Eliakum Zunser (Eliakim Badchen, Elikum Tsunzer) (October 28, 1840 – September 22, 1913) was a Lithuanian Jewish Yiddish-language poet, songwriter, and badchen who lived out the last part of his life in the U.S. A 1905 article in The New York Times lauded him as "the father of Yiddish poetry". About a quarter of his roughly 600 songs survive. He influenced and was influenced by Brody singer Velvel Zbarzher, although it is not believed that they ever met.

Born in Vilna, he grew up poor and first worked braiding lace in Kovno, where he was associated with the devout, moralistic Musar movement of Rabbi Israel Salanter. Later, he was drawn to the Haskalah, or Jewish Enlightenment, and adopted a more modern Orthodox Judaism that renounced superstition.

Forcibly conscripted into the Russian Army just before his twentieth birthday, he was soon released due to Czar Alexander II's revocation of the harsh conscription law. The plight of Jewish draftees, or "cantonists" would be a major subject of his early poetry and songs.

Sol Liptzin describes Zunser's songs as having "simple words and catchy tunes", singing of the "melancholy fate and few joys of the inarticulate masses" and writes that "his songs spread by word of mouth... until all Yiddish-speaking Jews were familiar with them". [Liptzin, 1972, 48]

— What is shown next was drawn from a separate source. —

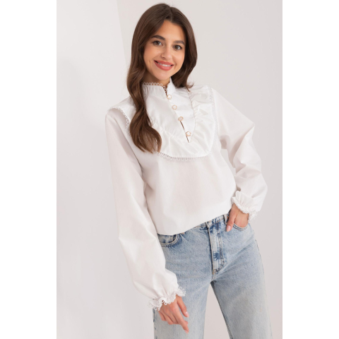 1 kép FiatalDivat Díszítő fodros blúz állógallérral, modell 55634 fehér

In 1861 he published a booklet of songs entitled Shirim Khadoshim, the first of about 50 publications in his lifetime. At this time, he was, in Liptzin's words, "primarily a Maskil"—a propagator of the Haskalah—"interested in instructing and aiding his people". However, his life took a tragic turn: not only did his wife die of cholera in the next decade, but all of their nine children as well, and he became, again quoting Liptzin, "a prophet of doom, admonishing his co-religionists not to venture too date along the alluring road of western enlightenment and assimilation..." [Liptzin, 1972, 49] When that doom came, in the form of the antisemitic reaction and pogrom after the assassination of Alexander II, he became again a comforter, as well as a Zionist, affiliated with the Hovevei Zion and Bilu pioneers, writing songs such as "Die Sokhe" ("The Plough") and "Shivath Zion" ("Homecoming to Zion").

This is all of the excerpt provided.